EX-99.1 3 ex99-1credamd.htm NINTH AMENDMENT TO CREDIT AGREEMENT Exhibit 99.1 August 25, 2009 Form 8-K

NINTH AMENDMENT

        THIS NINTH AMENDMENT dated as of August 25, 2009 (this “Amendment”) amends the Credit Agreement dated as of May 10, 2001 (as previously amended, the “Credit Agreement”) among Nu Skin Enterprises, Inc. (the “Company”), various financial institutions (the “Lenders”) and JPMorgan Chase Bank, N.A. (as successor to Bank One, NA), as successor administrative agent (in such capacity, the “Administrative Agent”). Terms defined in the Credit Agreement are, unless otherwise defined herein or the context otherwise requires, used herein as defined therein.

        WHEREAS, the Company, the Lenders and the Administrative Agent have entered into the Credit Agreement; and

        WHEREAS, the parties hereto desire to amend the Credit Agreement in certain respects as more fully set forth herein;

        NOW, THEREFORE, the parties hereto agree as follows:

        SECTION 1 Amendments. Subject to the satisfaction of the conditions precedent set forth in Section 3, the Credit Agreement is amended as follows:

        1.1 Amendment to Definition of “Termination Date”. The definition of “Termination Date” is amended by replacing the reference therein to “May 10, 2010” with “May 10, 2011".

        1.2 Amendment to Section 2.1.2. Section 2.1.2 of the Credit Agreement is amended by replacing the reference therein to $5,000,000” with “$2,500,000".

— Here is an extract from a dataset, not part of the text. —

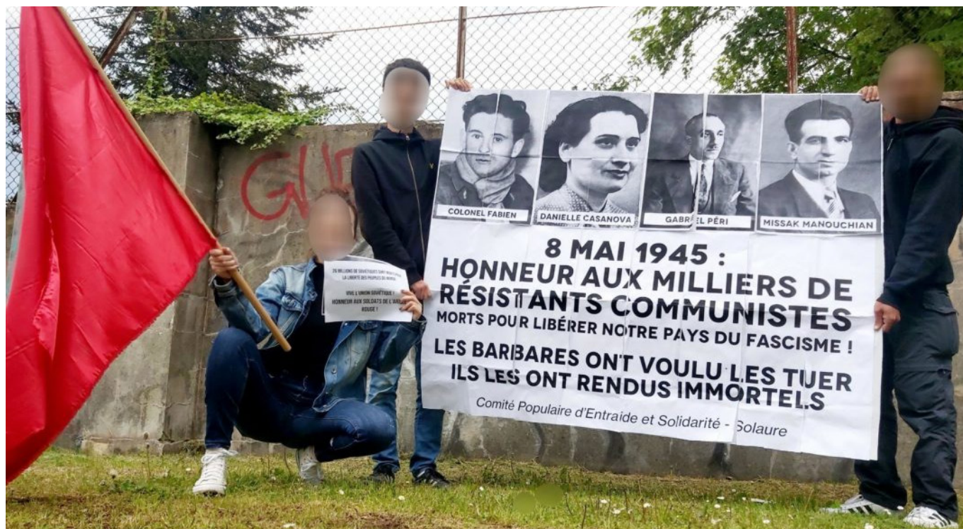
Une action menée à Saint-Etienne dans le quartier de Solaure par le CPES. L'affiche a ensuite été collée sur un point de passage du quartier

La lutte âpre qui se déroule pour que le prolétariat se transforme de classe en soi en classe pour soi se mène sur tous les terrains, et notamment l'Histoire. La bataille pour l'Histoire se trouve, comme tout, sur le terrain de la lutte des classes. La réaction cherche à tout prix à retirer tout contenu de classe des événements historiques pour les rendre conformes à sa vision des choses, c'est-à-dire nier la lutte des classes comme moteur de l'Histoire humaine. Pour cela, elle est prête à tronquer, à réécrire, à falsifier, à déformer la réalité des faits. La bourgeoisie est une classe qui va authentiquement contre la Vérité, entendue comme ce qui est conforme au réel. D'ailleurs, le gauchisme, et en premier plan le trotskysme, se révèle pleinement dans sa vision de l'Histoire comme un agent de la bourgeoisie niant lui aussi le réel.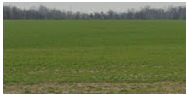
Vue depuis la route Starlanding

        1.3 Amendments to Section 10.10.1. (a) The references to “Section 10.1.1” in the Sixth and Seventh Amendments to the Credit Agreement are deemed to be references to “Section 10.10.1".

        (b)        Section 10.10.1 of the Credit Agreement is amended in its entirety to read as follows:

          10.10.1 Minimum Consolidated Net Worth. Not, at any time, permit Consolidated Net Worth to be less than the sum of (i) $275,000,000, (ii) an aggregate amount equal to 60% of Consolidated Net Income (in each case, to the extent a positive number) for each complete fiscal quarter ending on or after June 30, 2009, and (iii) 50% of the net proceeds realized by the Company and its Restricted Subsidiaries after March 31, 2009 from (a) the sale of Equity Securities, excluding issuances of Equity Securities upon exercise of employee stock options or rights under any employee benefit plans (excluding such exercise by any Person that owns greater than 5% of the Equity Securities of the Company), (b) issuances of Equity Securities in connection with acquisitions by the Company and its Restricted Subsidiaries, and (c) reissuances of up to $60,000,000 of treasury securities purchased by the Company.

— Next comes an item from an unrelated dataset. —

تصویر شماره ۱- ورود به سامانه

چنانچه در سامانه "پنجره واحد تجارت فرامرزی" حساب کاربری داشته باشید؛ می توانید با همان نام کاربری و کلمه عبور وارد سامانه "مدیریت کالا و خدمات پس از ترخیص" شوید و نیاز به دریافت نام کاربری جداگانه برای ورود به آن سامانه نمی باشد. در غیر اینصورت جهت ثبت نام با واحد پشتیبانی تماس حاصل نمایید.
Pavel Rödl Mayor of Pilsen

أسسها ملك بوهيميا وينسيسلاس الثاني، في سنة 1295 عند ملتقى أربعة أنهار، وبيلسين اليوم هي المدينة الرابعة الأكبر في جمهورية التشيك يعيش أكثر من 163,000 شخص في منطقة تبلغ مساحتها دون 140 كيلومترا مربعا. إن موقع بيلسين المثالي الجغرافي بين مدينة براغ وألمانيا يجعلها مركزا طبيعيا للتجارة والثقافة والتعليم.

        SECTION 2     Warranties. The Company represents and warrants to the Administrative Agent and the Lenders that (a) each warranty set forth in Section 9 of the Credit Agreement is true and correct in all material respects as of the date of the execution and delivery of this Amendment by the Company, with the same effect as if made on such date (except to the extent any such warranty expressly relates to a specific earlier date, in which case such warranty was true and correct in all material respects as of such earlier date), (b) after giving effect to this amendment, no Event of Default or Unmatured Event of Default exists and (c) the Credit Agreement as amended hereby constitutes the legal, valid and binding obligation of the Company, enforceable against the Company in accordance with its terms, except as such enforceability may be limited by (i) applicable bankruptcy, insolvency, reorganization, moratorium or other similar laws affecting the enforcement of creditors’ rights generally, and (ii) general principles of equity (regardless of whether such enforceability is considered in a proceeding in equity or at law).

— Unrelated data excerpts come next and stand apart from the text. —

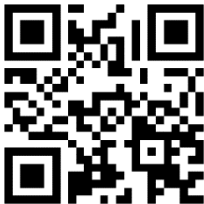
图A. 5 统一代码的二维条码展示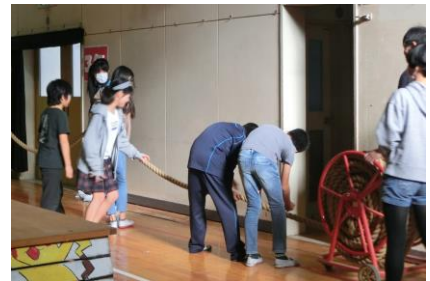
＜写真③ 6年生による会場準備＞

この展覧会場の準備に貢献したのが6年生で、片付けへの貢献は5年生です。どちらも、一生懸命に取り組み、早めに終わると次は何をしたらよいかと考えたり、声を掛け合ったりする姿が会場内、廊下等で認められ、思わず見とれてしまいました。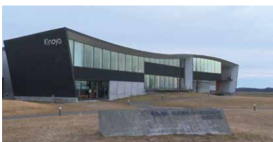
昭和32年(1957年)創業。もともと石巻にあり、震災で甚大な被害を受けました。

        SECTION 3    Effectiveness. The amendments set forth in Section 1 above shall become effective when the Administrative Agent has received (i) counterparts of this Amendment executed by the Company and each Lender. (ii) a Confirmation, substantially in the form of Exhibit A, signed by the Company and each Subsidiary Guarantor and (iii) a fully executed and effective amendment to each of the Senior Note Purchase Agreement and the Company’s Multi-Currency Private Shelf Agreement dated as of August 26, 2003 which provides for an amendment thereto which is substantially identical to that provided in Section 1.3(b) herein.

         SECTION 4    Miscellaneous.

        4.1 Continuing Effectiveness, etc. As herein amended, the Credit Agreement shall remain in full force and effect and is hereby ratified and confirmed in all respects. After the effectiveness of this Amendment, all references in the Credit Agreement and the other Loan Documents to “Credit Agreement” or similar terms shall refer to the Credit Agreement as amended hereby.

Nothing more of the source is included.